**TRY IT**
From the line with "- Размер полотенцесушителя 50х83 см" to the line with "To make an understated", output every line below exactly, both ends included. Skip the pictures.

**EXCERPTED DATA**
+++

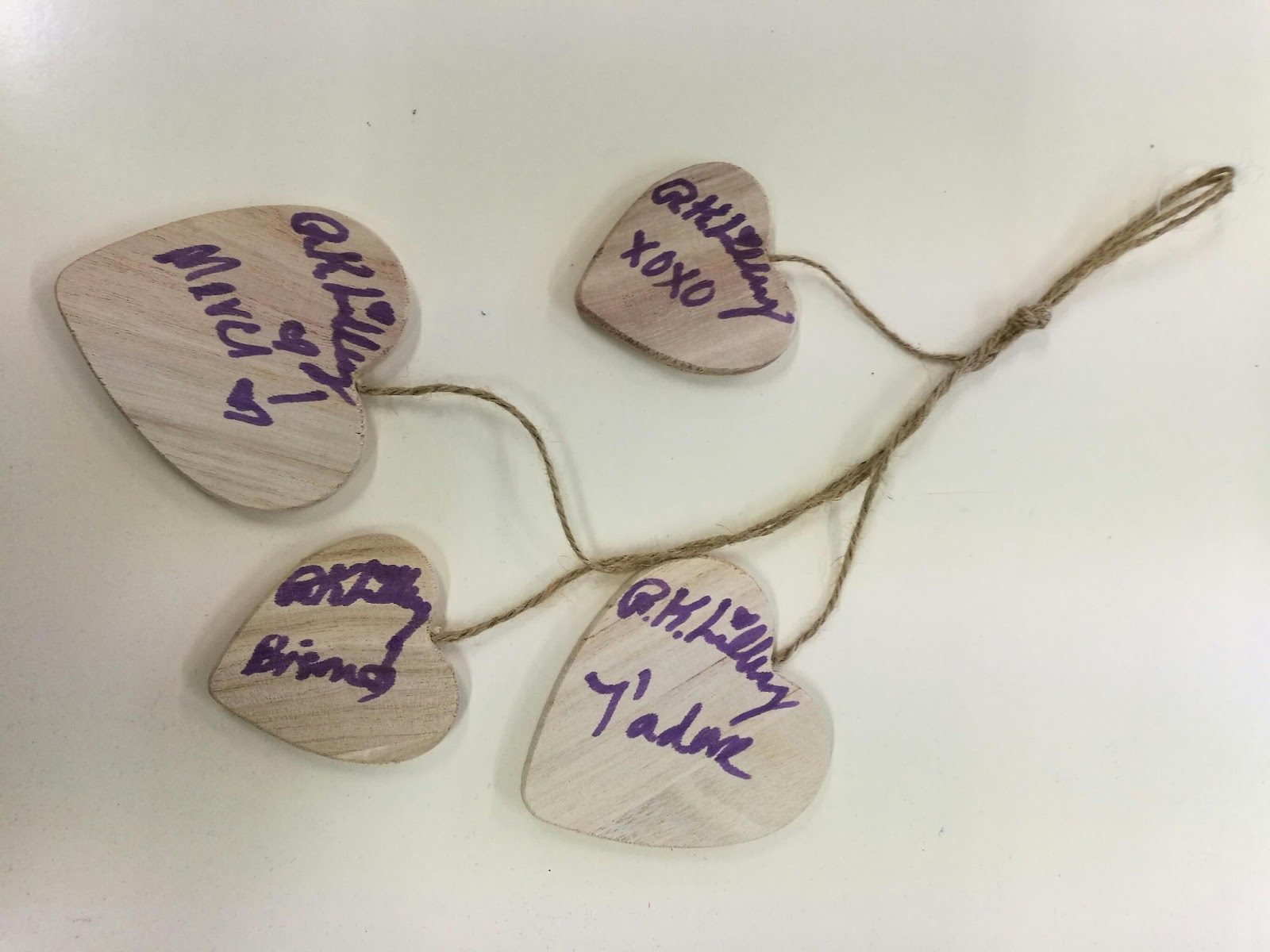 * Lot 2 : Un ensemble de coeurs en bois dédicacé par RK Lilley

+++

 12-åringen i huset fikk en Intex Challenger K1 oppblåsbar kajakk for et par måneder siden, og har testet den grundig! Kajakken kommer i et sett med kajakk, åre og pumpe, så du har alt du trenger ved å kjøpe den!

+++

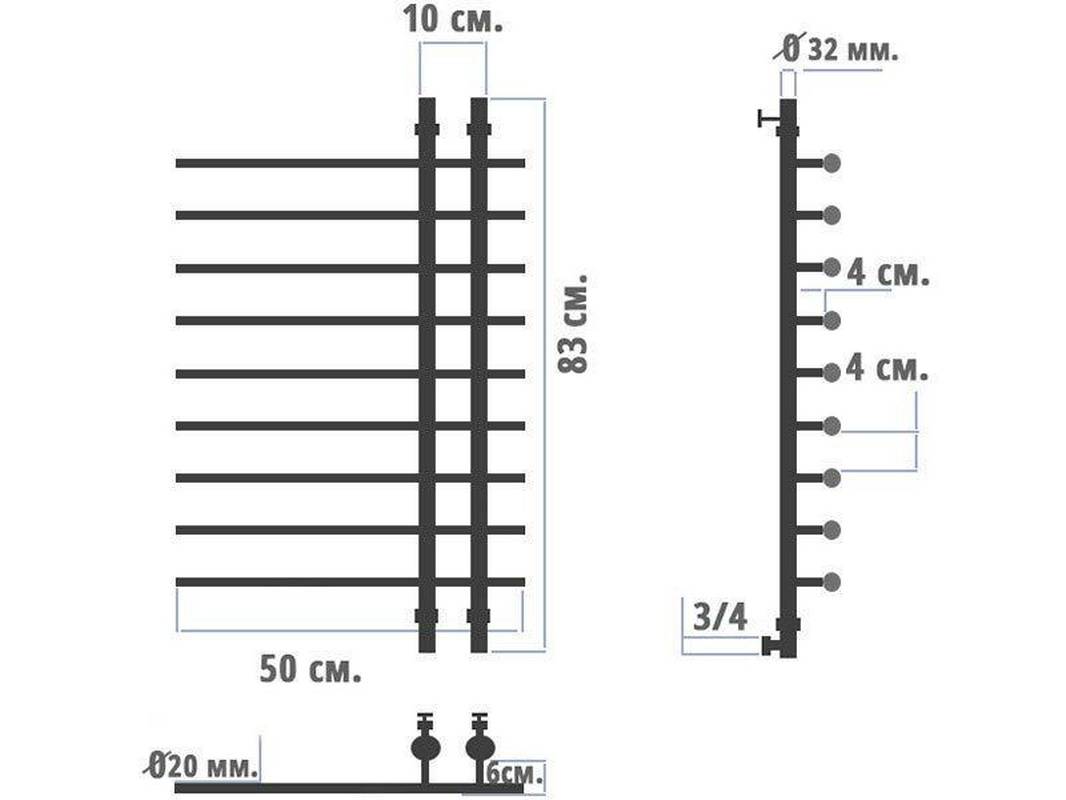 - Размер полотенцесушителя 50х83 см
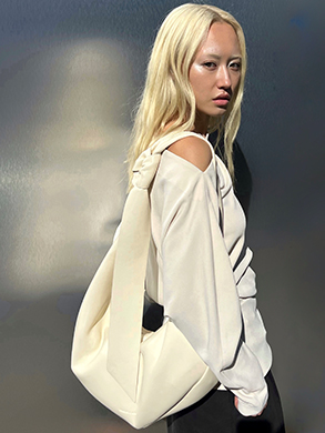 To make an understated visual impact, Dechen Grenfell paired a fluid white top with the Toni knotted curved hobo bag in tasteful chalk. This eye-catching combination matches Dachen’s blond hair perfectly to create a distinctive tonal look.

+++

**RESULT**
 - Размер полотенцесушителя 50х83 см
 To make an understated visual impact, Dechen Grenfell paired a fluid white top with the Toni knotted curved hobo bag in tasteful chalk. This eye-catching combination matches Dachen’s blond hair perfectly to create a distinctive tonal look.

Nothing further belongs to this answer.